"Yes, and I promised that I wasn't going to tell."
"But that's so silly. Suppose now that I was really keen on her. For all you know, or I, for that matter, I may have seen her walking about the town and thought her jolly pretty without knowing who she was."
"And I'm damned certain you haven't. You told me that you didn't take any interest in girls."
"No, but really, honest, man, I may have seen her. Only this morning as I was going down to Fort's after breakfast I saw an absolutely ripping girl, and I believe it was me she smiled at. It's very likely her."
"Yes, yes, I dare say, but——"
"Oh, come on, do tell me, and I promise you I'll come and see her; honest, I will."
But at that moment the roll-bell issued its cracked summons.
"If you don't run like sin you'll be late for roll-call, and that'll finish everything," Roland said, and Brewster turned and sprinted across the courts.

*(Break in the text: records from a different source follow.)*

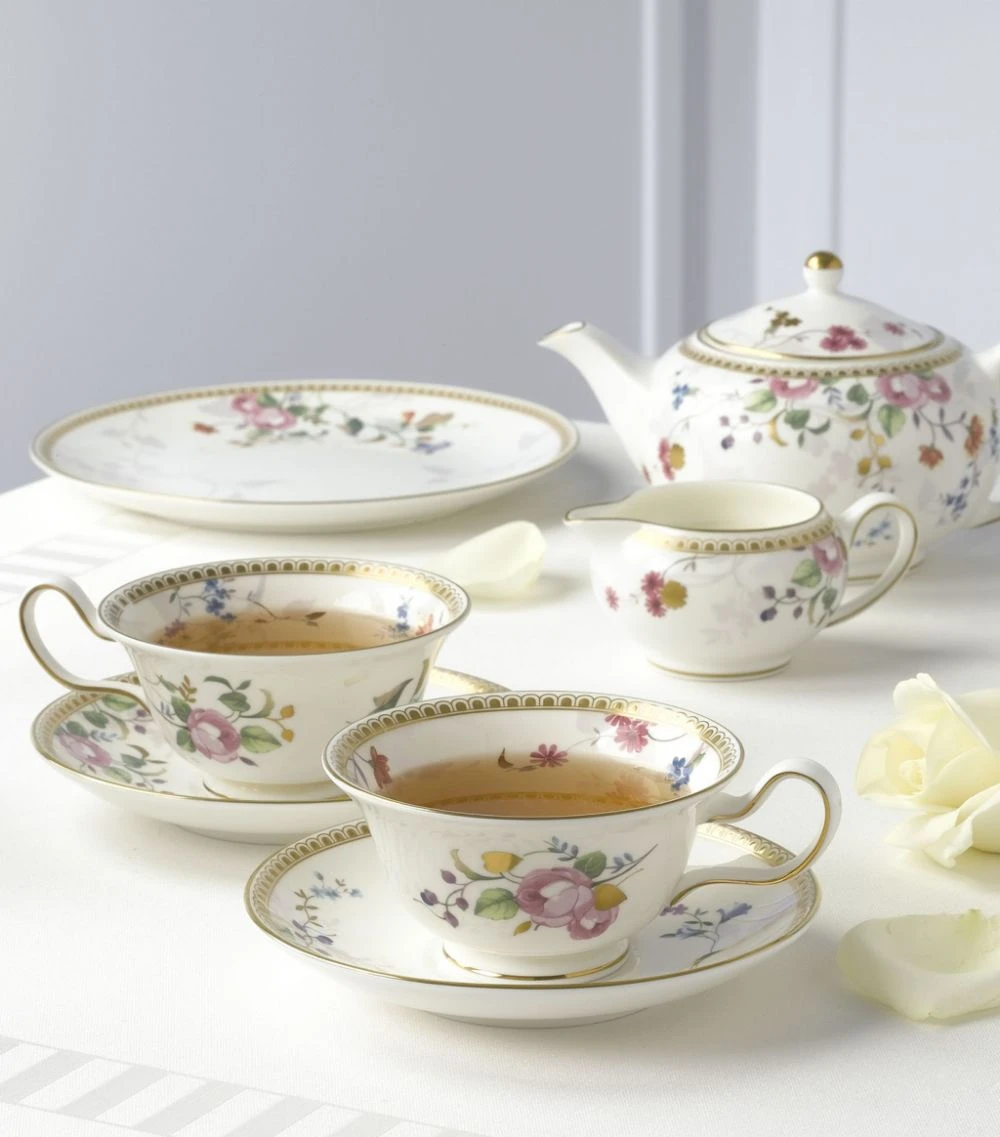 Framed by tendrils of colourful native flowers, this Rose Gold plate is one of Wedgwood’s most endearing archival designs. Adorned with a neoclassical gold border, it is crafted with fine bone china and exudes quaint English charm -perfect for gifting or graceful tea party indulgences.
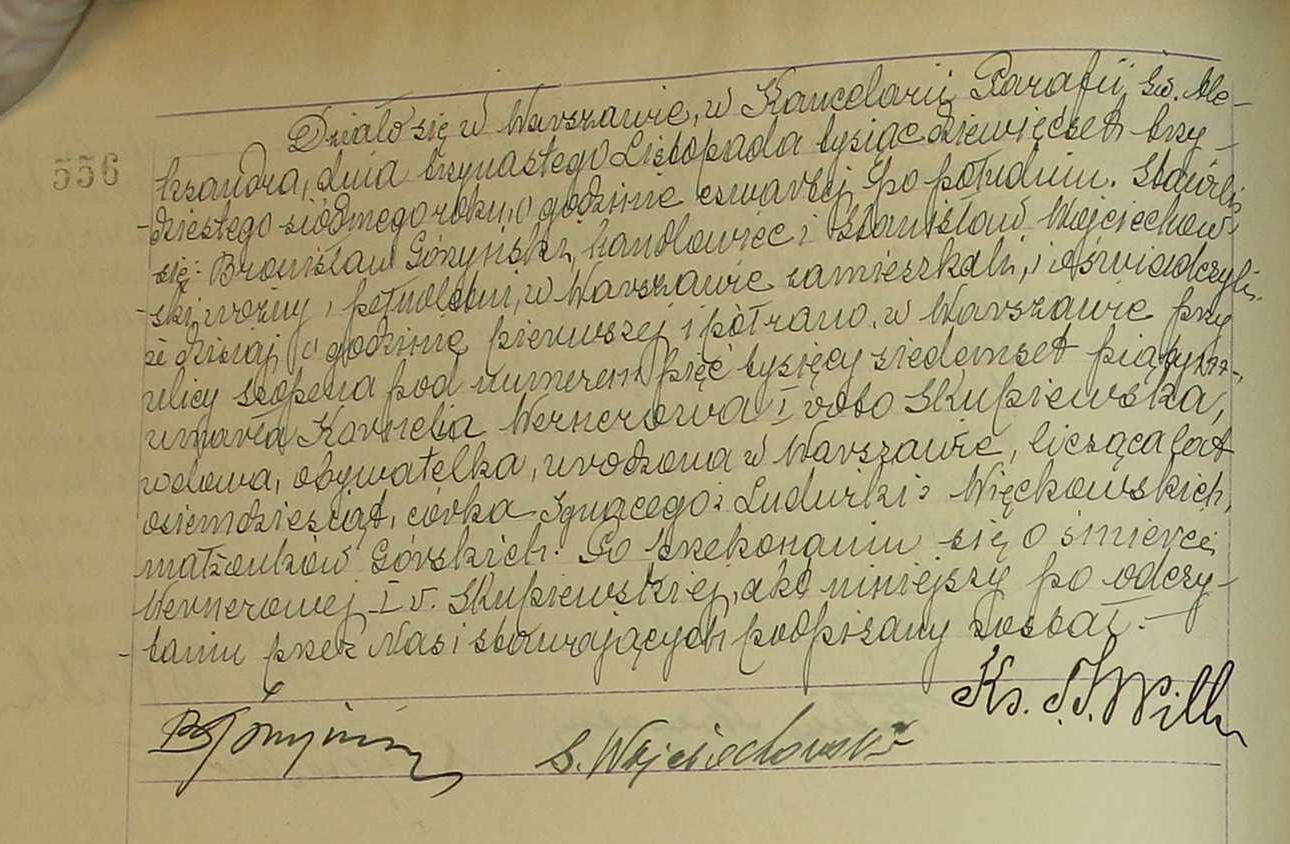 | sw.556087 | sw.556087 | sw.550045 (sw.550045) | sw.550046 (sw.550046) | Akt małżeństwa: Warszawa św. Aleksander (obecn. m. Warszawa), 144/1887 [indeks na http://geneteka.genealodzy.pl/] http://metryki.genealodzy.pl/metryki.php?op=kt&ar=1&zs=0162d&sy=1887&kt=2 [podgląd] |
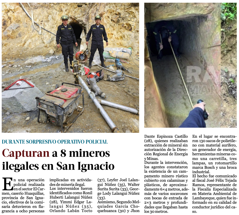 Capturan a 8 mineros ilegales en San IgnacioBy Monitoreo Medios / mayo 23, 2025 FUENTE: El Mercurio – Pág. 5
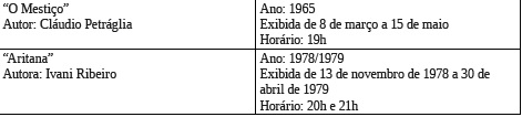 Os quadros que apresentamos neste tópico reúnem as telenovelas veiculadas nas principais emissoras de televisão brasileiras. Adotamos o critério de organizá-los por emissoras. E, em relação à Rede Globo, pelo volume das telenovelas com personagens indígenas, detalhamos as produções considerando as décadas em que foram ao ar.

Roland walked back to his study in a mood of deep self-satisfaction. He was carrying an extremely difficult job to a triumphant close. It did not occur to him that the rôle he filled was not a particularly noble one and that an unpleasantly worded label could be discovered for it. He was living in the days of unreflecting action. He did, or refrained from doing, the things he wanted to do, without a minute analysis of motive, but in accordance with a definite code of rules. He lived his life as he played cricket. There were rewards and there were penalties. If you hit across a straight long hop you ran a chance of being leg before, and if the ball hit your pad you went straight back to the pavilion. You played to win, but you played the game, provided that you played it according to the rules. It did not matter to Roland what the game was. And the affair of Betty and Brewster was a game that he was winning fairly and squarely.
Next morning he achieved victory. He met Brewster during break and presented his ultimatum.